Social media have acquired a worldwide presence for attracting and holding human attention, and, according to some estimates, more than three-fourths of those who use the Internet actively participate in at least one social media platform.1 In fact, most social media users visit the respective sites at least once per day1; however, the epic reach and impressive availability of social media have had a mixed reception in academic medicine. Specifically, much of the focus in academic medicine has been on regulating the use of social media to avoid distractions from paid labor, to preclude the risk of posting confidential patient information or embargoed study results online,2 or to minimize the risk of harming individuals or institutions. The regulations have created barriers for using social media in academic medicine,2 and most physicians and academicians avoid participating in social media, citing time, effort, and lack of apparent value as the primary reasons.3 Efforts to validate any positive value for social media in academic medicine have been feeble at best.
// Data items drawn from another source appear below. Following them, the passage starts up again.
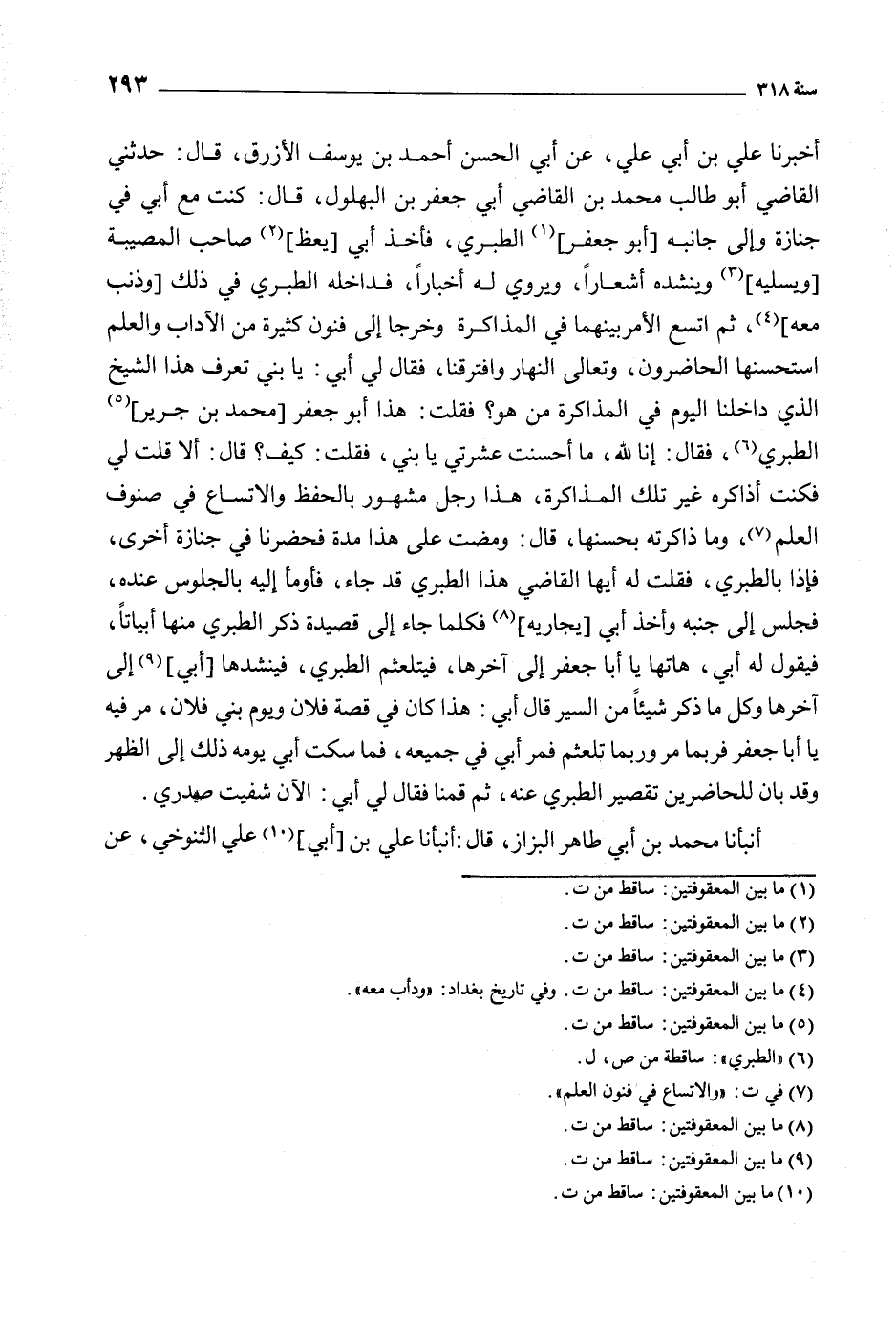 أخبرنا علي بن أبي علي، عن أبي الحسن أَحْمَد بْن يُوسُف الأزرق، قَالَ: حدثني القاضي أَبُو طالب مُحَمَّد بْن القاضي أبي جعفر بْن البهلول، قَالَ: كنت مع أبي في جنازة وإلى جانبه [أَبُو جعفر] [1] الطبري، فأخذ أبي [يعظ] [2] صاحب المصيبة [ويسليه] [3] وينشده أشعارا، ويروي له أخبارا، فداخله الطبري في ذلك [وذنب معه] [4] ، ثم اتسع الأمر بينهما في المذاكرة وخرجا إلى فنون كثيرة من الآداب والعلم استحسنها الحاضرون، وتعالى النهار وافترقنا، فقال لي أبي: يا بني تعرف هذا الشيخ الّذي داخلنا اليوم في المذاكرة من هو؟ فقلت: هذا أبو جعفر [محمد بن جرير] [5] الطبري [6] ، فقال: إنا للَّه، ما أحسنت عشرتي يا بني، فقلت: كيف؟ قَالَ: ألا قلت لي فكنت أذاكره غير تلك المذاكرة، هذا رجل مشهور بالحفظ والاتساع في صنوف العلم [7] ، وما ذاكرته بحسنها، قَالَ: ومضت على هذا مدة فحضرنا في جنازة أخرى، فإذا بالطبري، فقلت له أيها القاضي هذا الطبري قد جاء، فأومأ إليه بالجلوس عنده، فجلس إلى جنبه وأخذ أبي [يجاريه] [8] فكلما جاء إلى قصيدة ذكر الطبري منها أبياتا، فيقول له أبي، هاتها يا أبا جعفر إلى آخرها، فيتلعثم الطبري، فينشدها [أبي] [9] إلى آخرها وكل ما ذكر شيئا من السير قَالَ أبي: هذا كَانَ في قصة فلان ويوم بني فلان، مر فيه يا أبا جعفر فربما مر وربما تلعثم فمر أبي في جميعه، فما سكت أبي يومه ذلك إلى الظهر وقد بان للحاضرين تقصير الطبري عنه، ثم قمنا فقال لي أبي: الآن شفيت صدري.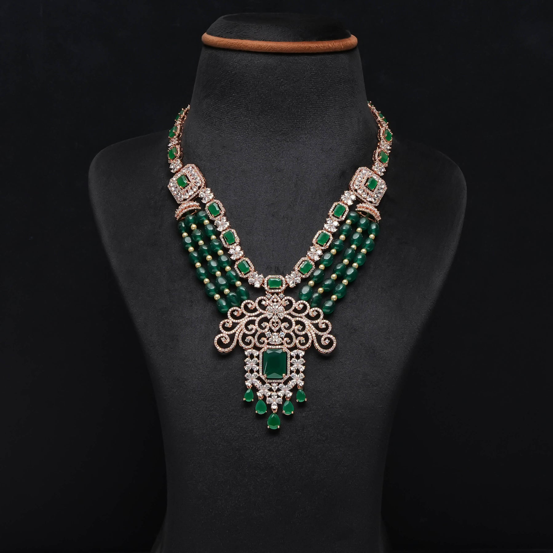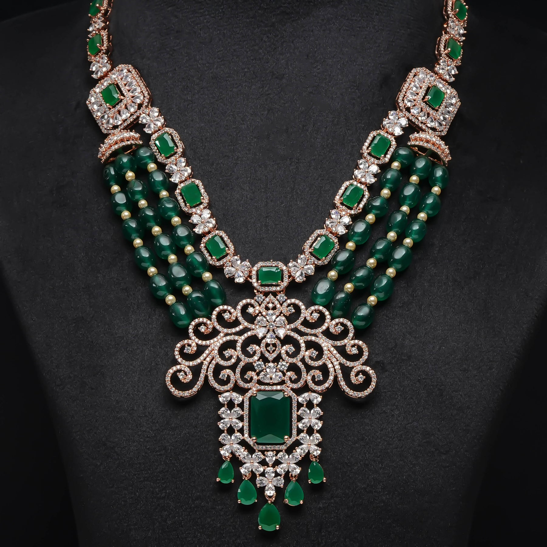 This handcrafted bead necklace set features real cubic zirconia stones, expertly strung across multiple strands for a rich, textured look. Each piece is a unique creation, showcasing an exclusive design that combines elegance with artisanal craftsmanship. Perfect for those seeking a distinctive accessory with sparkle and sophistication.
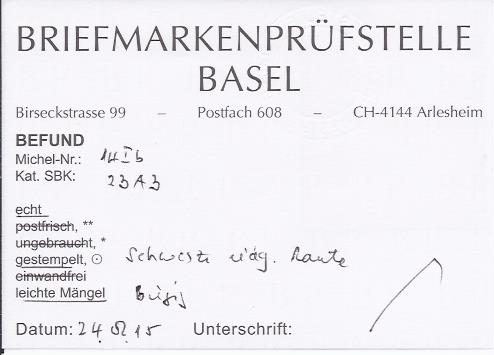 | Prüfer: | Eichele, Martin (BPB (Briefmarkenprüfstelle Basel)) |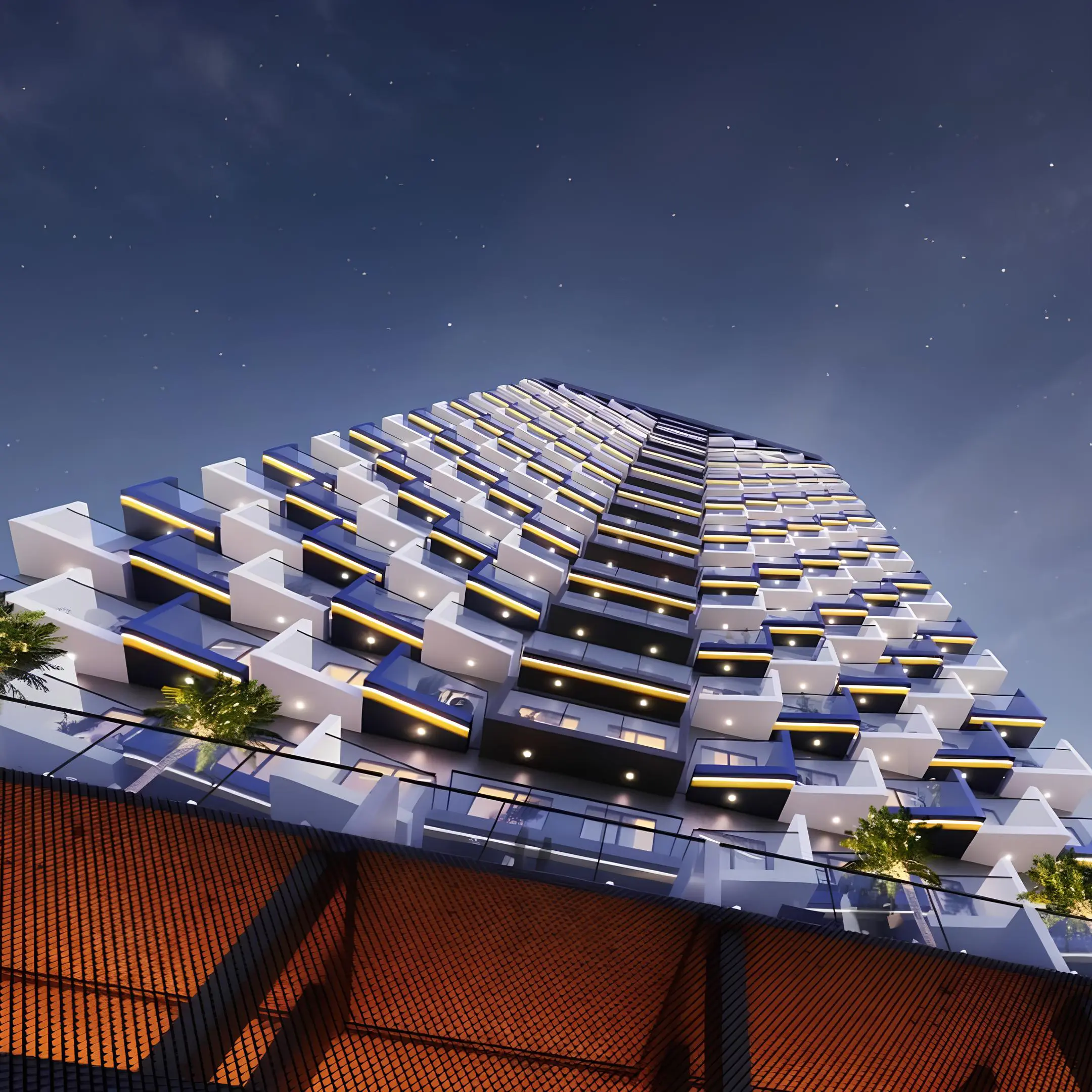 Binghatti Crest is a luxury project by Binghatti, located in the JVC neighborhood. The complex is a 24-storey tower with an amazing architecture, the main feature of which are slightly slanted intertwined balconies and original lighting.

The 2015 publication of the “Intention to Tweet” (ITT) study, sponsored in part by the journal Circulation and the American Heart Association, has reinforced reservations regarding the benefits of social media in academic medicine.4 In an effort to examine the added benefit of social media to scientific publications, the investigators selected 243 articles published in Circulation and its subsidiary journals to be randomized to either social media promotion or usual care. The results of this trial identified no benefit of social media promotion; however, the randomized treatments in this research may have been inadequately differentiated.
The aim of the current study was to test the hypothesis that social media promotion would increase the readership of an academic medical journal, measured primarily in website views at 0–30 days, and then at 31–60 days, after publication. To test this hypothesis, we studied 3 consecutive months’ worth of articles published in Mayo Clinic Proceedings (MCP), a large-circulation general/internal medicine journal, by quantifying article views and downloads during the 2 months following the date of each article’s publication. We randomized equal numbers of similar article types per month to either (1) a comprehensive, planned social media promotion strategy (SoMe group) or (2) no social media promotion (NoSoMe group).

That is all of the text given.